Here, Efromovich asserts that he was given a written booklet that showed the projected value of the company, as well as several parties listed as "current clients" of the security. (See Answer and Counterclaims ¶ 5.) He alleges that he relied on these representations in signing the Guaranty. (Id.) He further alleges that, "notwithstanding the representations concerning the existence of [the current clients] as customers of Digex at the time Defendant signed the Guaranty, Digex had defaulted in contractual arrangements with those entities." (Id. § 7.)

Even construing all of Efromovich's assertions of fact to be true, they amount to nothing more than "[a]llegations consisting of bare legal conclusions," and fail to "state in detail the circumstances constituting the wrong." Here, Efromovich has failed to allege why the default in contractual arrangements amounted to [*5]misrepresentation — that is, why default on contracts affected the parties' status as "current clients." He further does not sufficiently allege facts supporting a conclusion that he"justifiably relied" on this alleged misrepresentation, or how such misrepresentation was material. When a party "does not explain how he relied to his detriment" on the asserted misrepresentation . . . "it is not for [the court] to interject our supposition into plaintiff's pleading." Nicosia v. Bd. of Managers of the Weber House Condominium, 77 AD3d 455, 456 (1st Dep't 2010).

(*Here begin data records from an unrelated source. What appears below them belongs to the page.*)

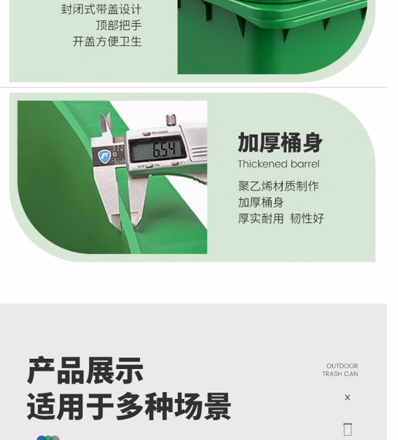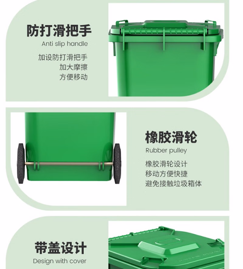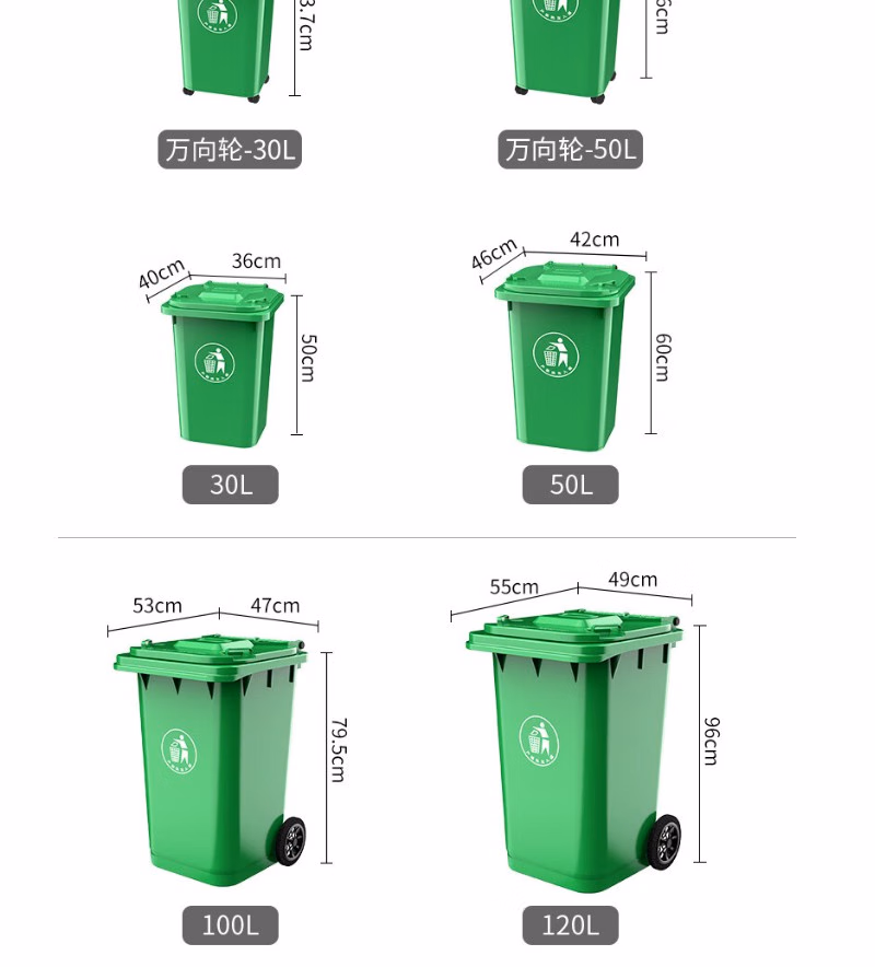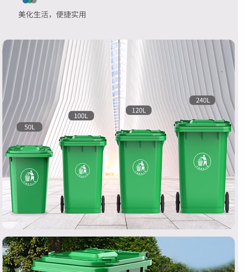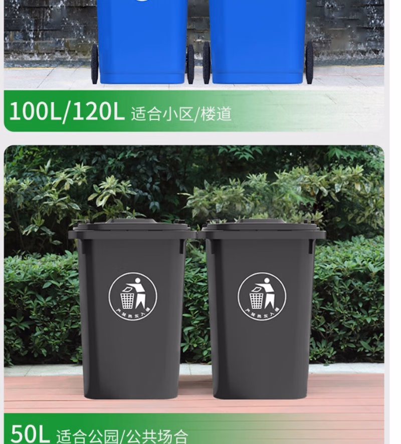 商品名称:晟泰邦 户外垃圾桶 厨房 大号加厚120L商用塑料环卫垃圾桶带盖轮工业小区物业翻盖果皮箱 (灰色) 单位:个
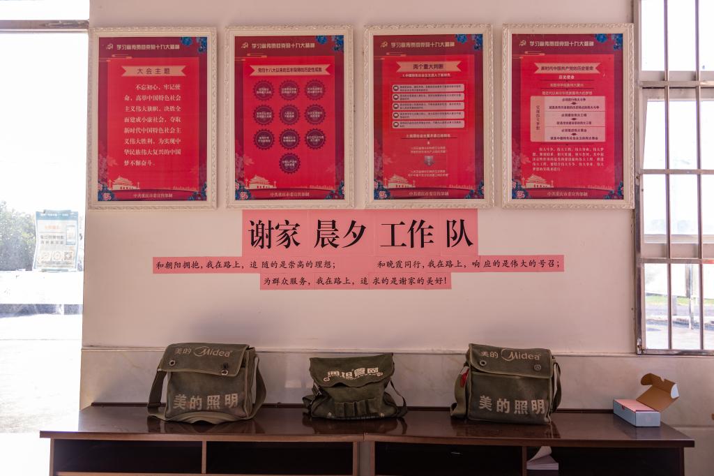 据实践团了解到,永兴镇谢家村有一只专为居民提供基础设施维修的小队——晨夕工作队,“和朝阳拥抱,我在路上,追随是崇高的理想;和晚霞同行,我在路上,响应的是伟大的号召”是他们的口号,他们的工具放在谢家村便民服务中心,随时准备出发,为人民服务。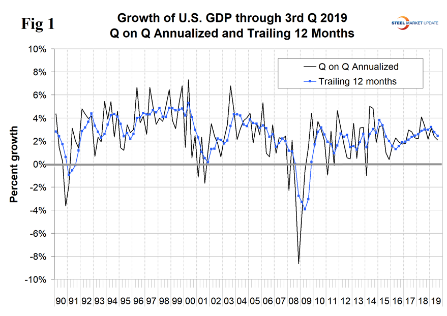 GDP is now measured and reported in chained 2012 dollars, and on an annualized basis in the third quarter totaled $19.121 trillion. The growth calculation is misleading because it takes the quarter-over-quarter change and multiplies by four to get an annualized rate. This makes the high quarters higher and the low quarters lower. Figure 1 clearly shows this effect. The blue line is the trailing 12-months growth and the black line is the headline quarterly result. On a trailing 12-month basis, GDP was up by 2.44 percent in the third quarter, which was down from 3.20 percent in the first quarter. To put that result into perspective, the average in 39 quarters since Q1 2010 has been 2.35 percent. The blue line in Figure 1 shows the progress of the trailing 12-month result since the first quarter of 1990.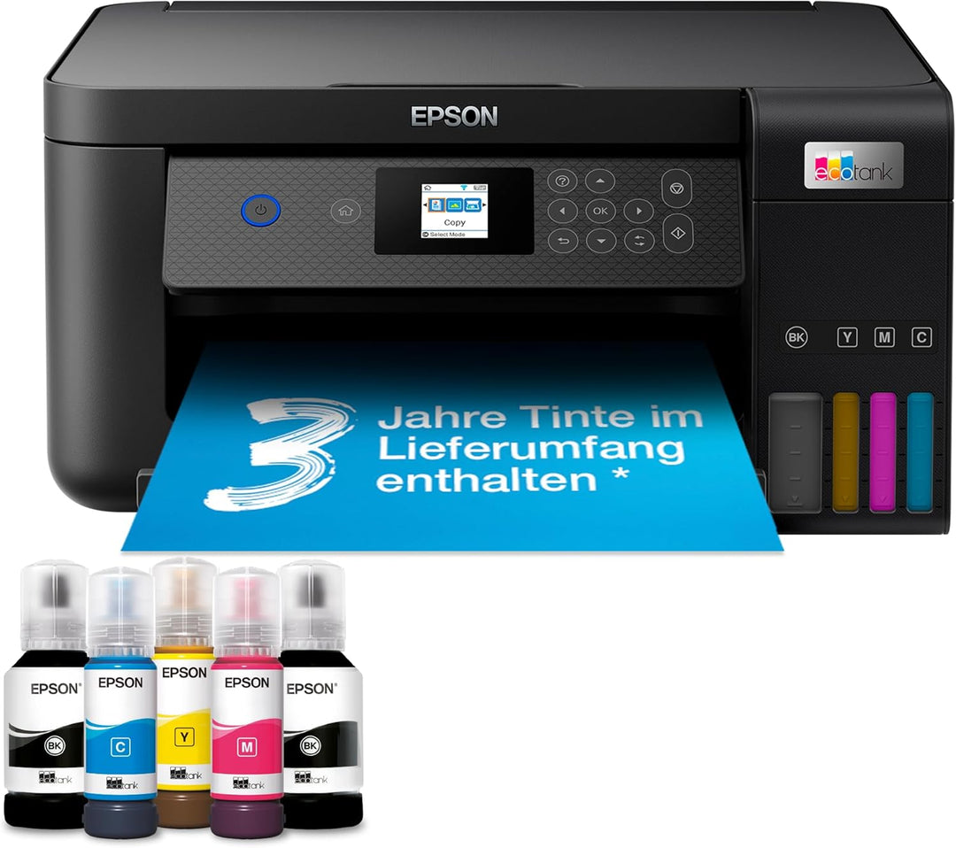 - Weiter sparen - Mit diesem sparsamen Drucker reduzieren Sie Ihre Tintenkosten um bis zu 90 %* - Im Lieferumfang enthalten ist eine zusätzliche Tintenflasche (Schwarz) für einen Tintenvorrat für bis zu 3 Jahren* - Ein Tintenflaschensatz reicht für

Since Efromovich has failed to state in detail the circumstances constituting the wrong,' as required by CPLR § 3016(b), his counterclaim for fraudulent inducement is dismissed.

Accordingly, it is

ORDERED that Plaintiff's motion for summary judgment is GRANTED, with respect to liability and the sum of $10,000,000;and it is further

ORDERED that Defendant's Counterclaim is DISMISSED; and it is further

ORDERED that the issue of costs and expenses, including reasonable attorneys' fees incurred in connection with Plaintiff's efforts to collect the purchase price pursuant to the Guaranty, is hereby referred to a Special Referee to hear and report with recommendations, except that, in the event of and upon the filing of a stipulation of the parties, as permitted by CPLR § 4317, the Special Referee, or another person designated by the parties to serve as referee, shall determine the aforesaid issue; and it is further

ORDERED that a copy of this order with notice of entry shall be served on the Special Referee Clerk (Room 119) to arrange a date for the reference to a Special Referee.

DATED: January 4, 2012

E N T E R :

___________________________

J.S.C.

Footnotes


Footnote 1:A copy of the Guaranty is annexed to the Affidavit of Lawrence M. Teitelbaum in Support of Plaintiff's Motion for Summary Judgment, at Exhibit B.